Published 8 Aug 2022 in cs.LG, cs.CV, and cs.GR

Abstract: We introduce NeuralVDB, which improves on an existing industry standard for efficient storage of sparse volumetric data, denoted VDB [Museth 2013], by leveraging recent advancements in machine learning. Our novel hybrid data structure can reduce the memory footprints of VDB volumes by orders of magnitude, while maintaining its flexibility and only incurring small (user-controlled) compression errors. Specifically, NeuralVDB replaces the lower nodes of a shallow and wide VDB tree structure with multiple hierarchical neural networks that separately encode topology and value information by means of neural classifiers and regressors respectively. This approach is proven to maximize the compression ratio while maintaining the spatial adaptivity offered by the higher-level VDB data structure.

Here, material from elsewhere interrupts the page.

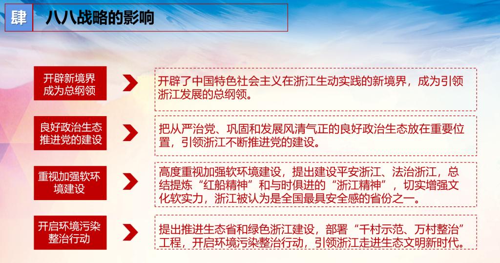 其次,与会全体师生共同观看浙江精神与“八八战略”党史微课,按照科学发展观的要求,结合实际作出的总体把握将已经显现出来的优势进一步发挥好,将潜在的优势变为现实的优势,对于一些劣势通过努力转化为优势,或者避开劣势,同时谈论了自己的心得体会与感想。
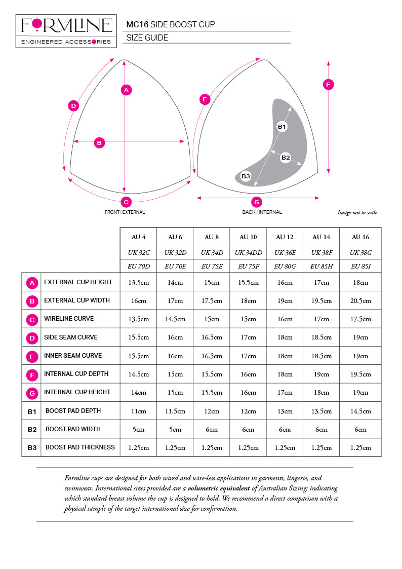 All cup measurements in mm and dimensions are approximate. We recommend purchasing a sample pair to ensure that fit is correct for your garment.

For sparse signed distance fields and density volumes, we have observed compression ratios on the order of 10x to more than 100x from already compressed VDB inputs, with little to no visual artifacts. Furthermore, NeuralVDB is shown to offer more effective compression performance compared to other neural representations such as Neural Geometric Level of Detail [Takikawa et al. 2021], Variable Bitrate Neural Fields [Takikawa et al. 2022a], and Instant Neural Graphics Primitives [M\"uller et al. 2022]. Finally, we demonstrate how warm-starting from previous frames can accelerate training, i.e., compression, of animated volumes as well as improve temporal coherency of model inference, i.e., decompression.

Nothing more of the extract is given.